No I understood that you wanted to put the freewhell on the motor. I was talking about a "motor" freewheel adapter. That is why I explained that he smallest freewheel available is a 13t was because you said you needed to stay with a 9t. But of course there is no one that I know of that makes an adapter to fit the Currie motors. I am doing a simular thing as you whereas, I am putting the freewheel or freewheels on a jack shaft instead of the motor. But i do plan on making my own special freewheel adapters to fit on the Currie motors. But again the smallest freewheel made is a 13t so you have to deal with the ratio on the axal gear. Like you I want to try gearing the 2 motors differently. Maybe a 13t and a 15t or 16t. But at first I will gear them the same and see how i like it.

If you have a freewhell on the axal already can you install a second one for a second motor. that is something I am now considering if I have the space for it. I hope to get back working on my project late next week so I will know better if I have the space.
 
Sorry this project got put on hold, good thing about a trike is that it takes up little garage space when standing vertical on it's rear wheels!

Thank you 12p3phPMDC for the link to Harriscyclery. I emailed them with my information and received a quick reply telling me the parts I needed and where they were on the website. Parts are now ordered, should be in Monday. I'll start installing next week.

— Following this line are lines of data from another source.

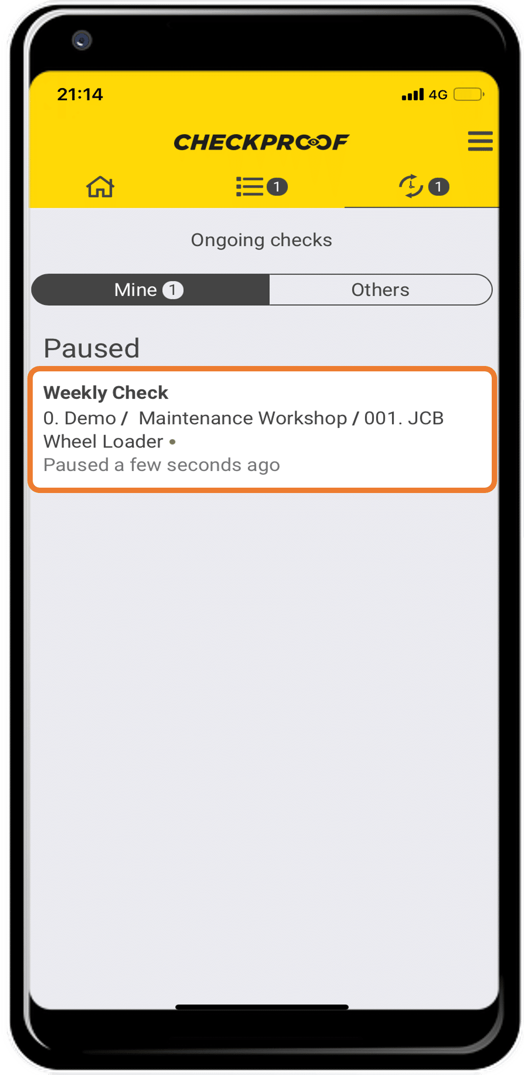 The check will be saved in the ongoing section of the main menu. Click on the ongoing icon to open it.
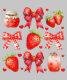 A cute and vibrant collection of strawberries, red gingham bows, heart icons, strawberry jam, and a refreshing strawberry drink, all set against a black background. This design oozes sweet, cosy, and summery vibes with a charming, country-inspired twist.
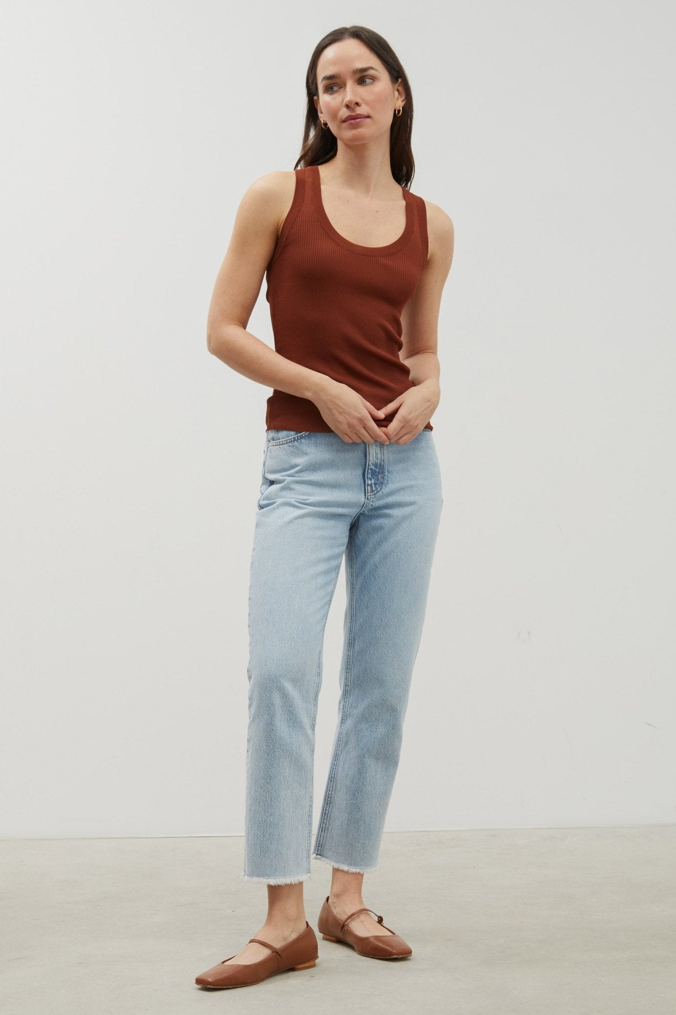 Top de canalé. Corte ajustado. Tirante ancho. Escote abierto. Detalle de logo bordado en el lateral.
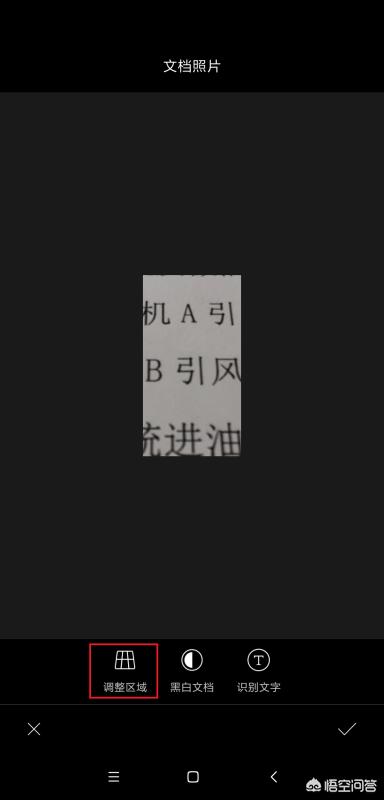 4、图片文件加载完毕之后,点击页面底部“调整区域”菜单,选择要识别文字的区域范围;
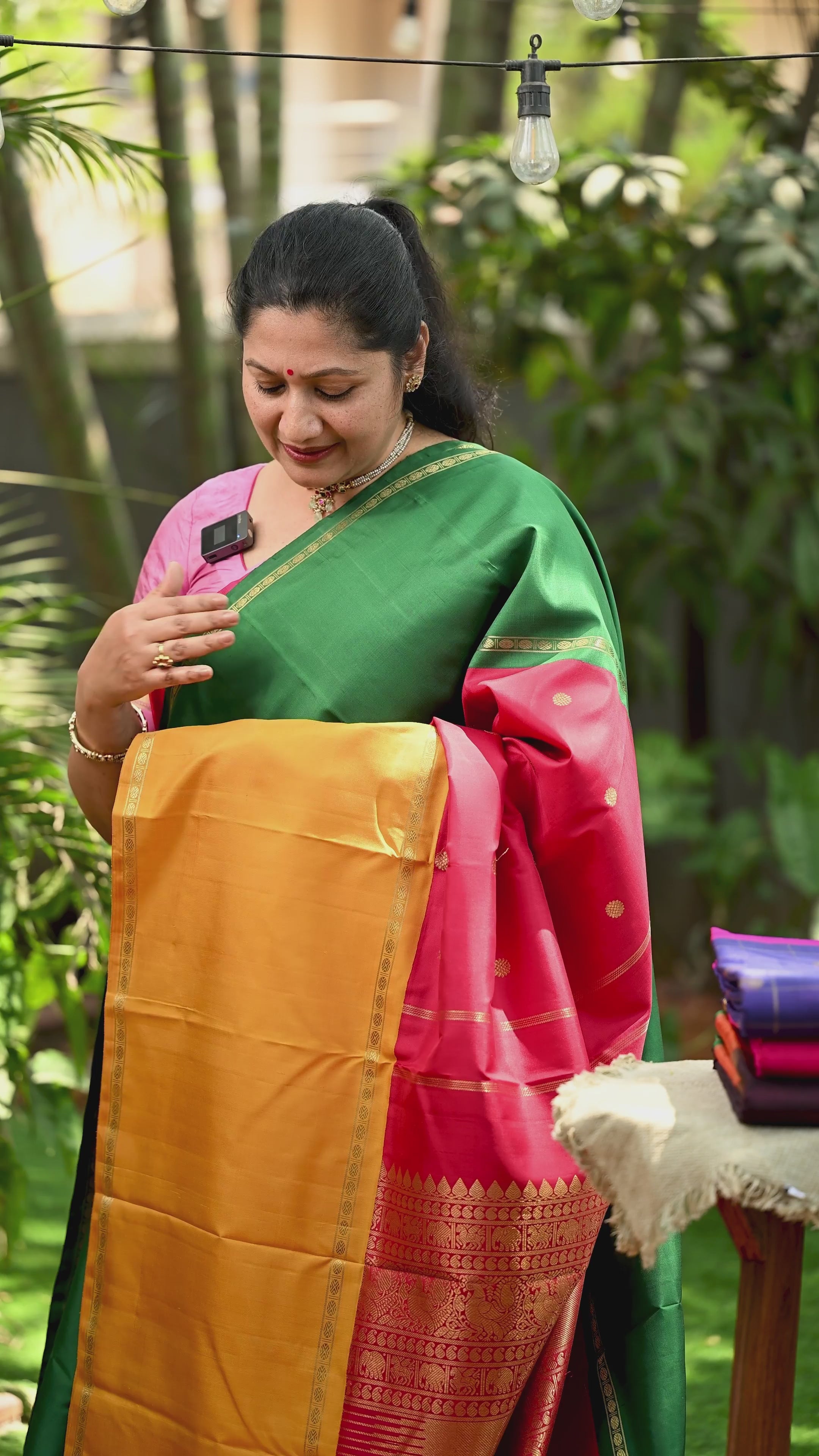 A long border Kanjivaram silk saree with Yellow border on the bottom and the green border on the top. Body is in arakku Red shade. The blouse retains the same color combination. The Pallu has grand Zari work. A great choice for any celebrations.

Next on the list is buying a new battery. In about a month I'll get Tax money back from installing a solar electric system on the roof and I'm thinking of buying a Ping 24v 30ah battery. It seems most posts I've read, people feel this is a good way to go. Losing the SLA weight would be helpful since I often carry 600 lbs of passenger weight on the trike. I want to just plug the battery in, have it charge, unplug the charger and take off. I know nothing about BMS, I do not want to open the battery package and test things. I just want to climb on and go.... The SLA batteries are in good shape now and are working fine, but they will not go to waist, I have the iMow robotic lawn mower that uses the same 12v20ah batteries.
 
Jeff,

No problemo, Harris is a great shop! I got a good deal on the Alfine 8 speed and other 3 speed parts as well.

RIP Sheldon.
 
I received all the little parts I needed from Harris and everything fit perfect. Switching both the fixed and free wheel sprockets around on a 7/8" shaft took a little time. As well as making a motor mount. But it was just a bolt on removal and installation, so everything was straight forward. At this time the Trike is now back together with the [winter] flatbed removed and the [summer] Rickshaw rear seating reinstalled. I road tested the Trike last night by myself. [no passengers] With the 3 spd now installed with the input rear sprocket changed from 20 to 23 tooth, the 450 watt 24v currie motor goes about 6mph in 1st, 12mph in 2nd and 18mph in 3rd. I know this is slow for most people but perfect for my use. Most of my riding is on flat ground with only a train track overpass between myself and the main town. Sadly, I do not know how far I can travel on 24v 36ah SLA batteries, But since I plan to buy a 24v 30ah from ping shortly I'll wait and test things then. This weekend I'm off to Dewey Beach Delaware for a St. Patty's Day and local pub opening event. [during the winters the pubs are closed] Temp may hit 70 degrees and I'm sure many of the pub crawlers will want to ride from pub to pub on this electric 3 spd Rickshaw Trike.

I want to thank everyone that helped me on this site. If you're local to Delaware sometime please look me up, I'd love to let you try this EV.

BTW - The Trike did qualify as a 3 wheeled EV for a 10% tax write off of the total cost....
Thanks Again....
 
Got any more pics of this build? I would love to see how you rigged up the 3 spd. hub.